■ **What is required**:
Your copy of the data below must be exact and must leave out all pictures.

■ **Data extract**:
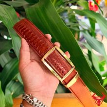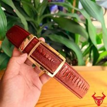 Gam màu nâu đỏ sáng kết hợp vân vảy chân tự nhiên tạo nên tổng thể hài hòa, sang trọng, phù hợp với phong cách doanh nhân hiện đại yêu thích sự tinh tế và đẳng cấp.
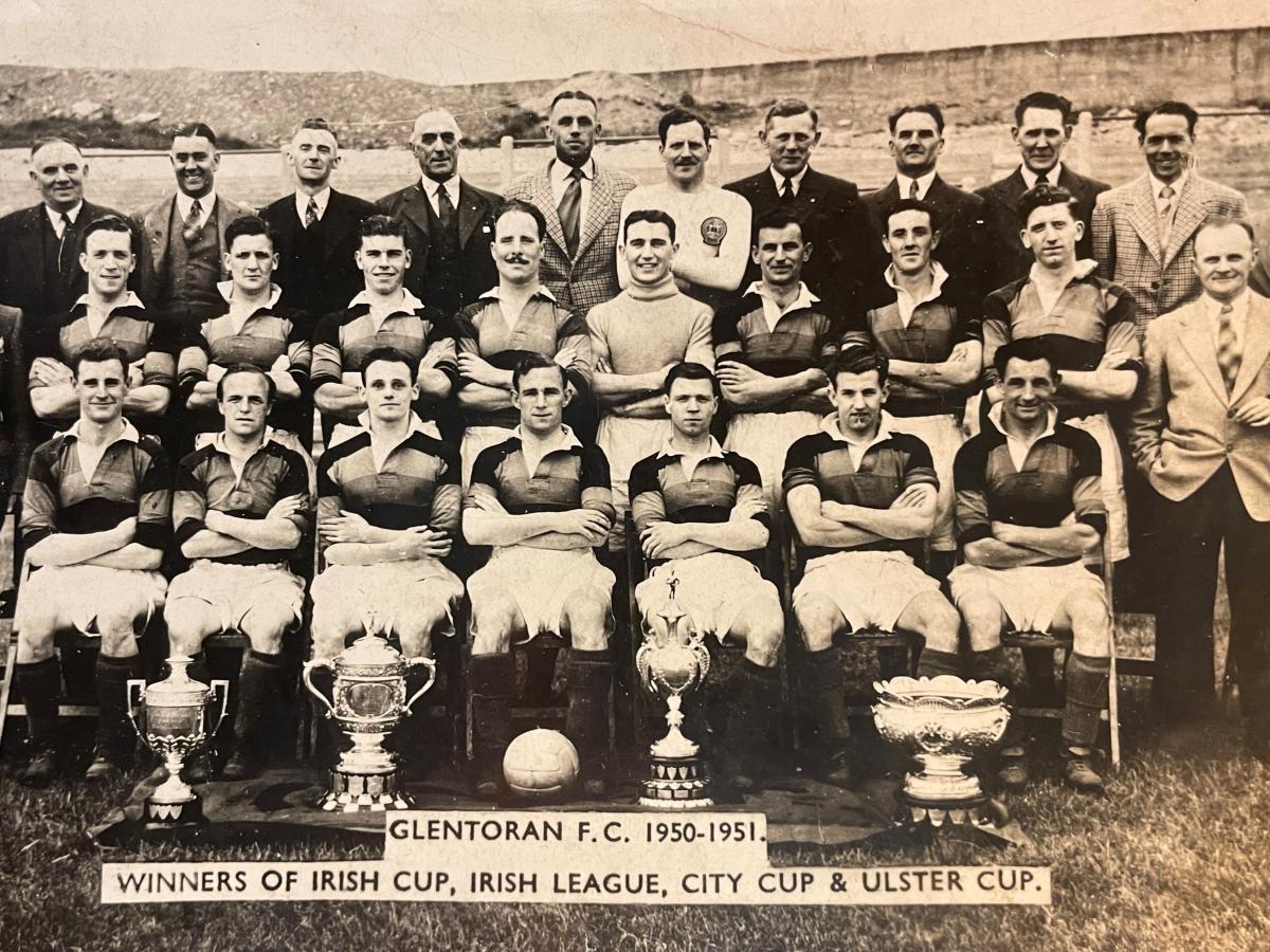 *George Allen Thompson is pictured second from the right in the front row of the legendary 1950-51 Glentoran squad.
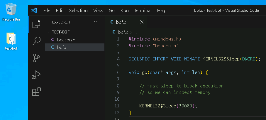 attacker@DESKTOP-3BSK7NO /m/c/U/A/D/test-bof> x86_64-w64-mingw32-gcc -c bof.c -o bof.o
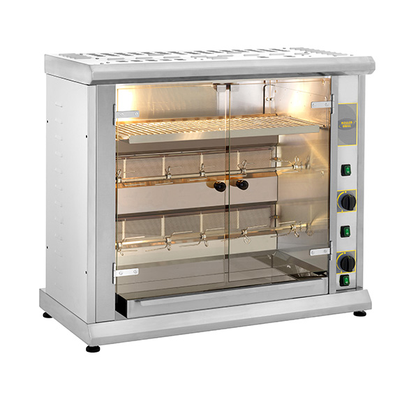 Los asadores con 2 espadas, están disponibles en versión gas y eléctrica, para rostir de 4 a 8 piezas. Están equipadas de una reserva estufa en la parte de arriba para mantener a temperatura las aves.

■ **Completed exercise**:
 Gam màu nâu đỏ sáng kết hợp vân vảy chân tự nhiên tạo nên tổng thể hài hòa, sang trọng, phù hợp với phong cách doanh nhân hiện đại yêu thích sự tinh tế và đẳng cấp.
 *George Allen Thompson is pictured second from the right in the front row of the legendary 1950-51 Glentoran squad.
 attacker@DESKTOP-3BSK7NO /m/c/U/A/D/test-bof> x86_64-w64-mingw32-gcc -c bof.c -o bof.o
 Los asadores con 2 espadas, están disponibles en versión gas y eléctrica, para rostir de 4 a 8 piezas. Están equipadas de una reserva estufa en la parte de arriba para mantener a temperatura las aves.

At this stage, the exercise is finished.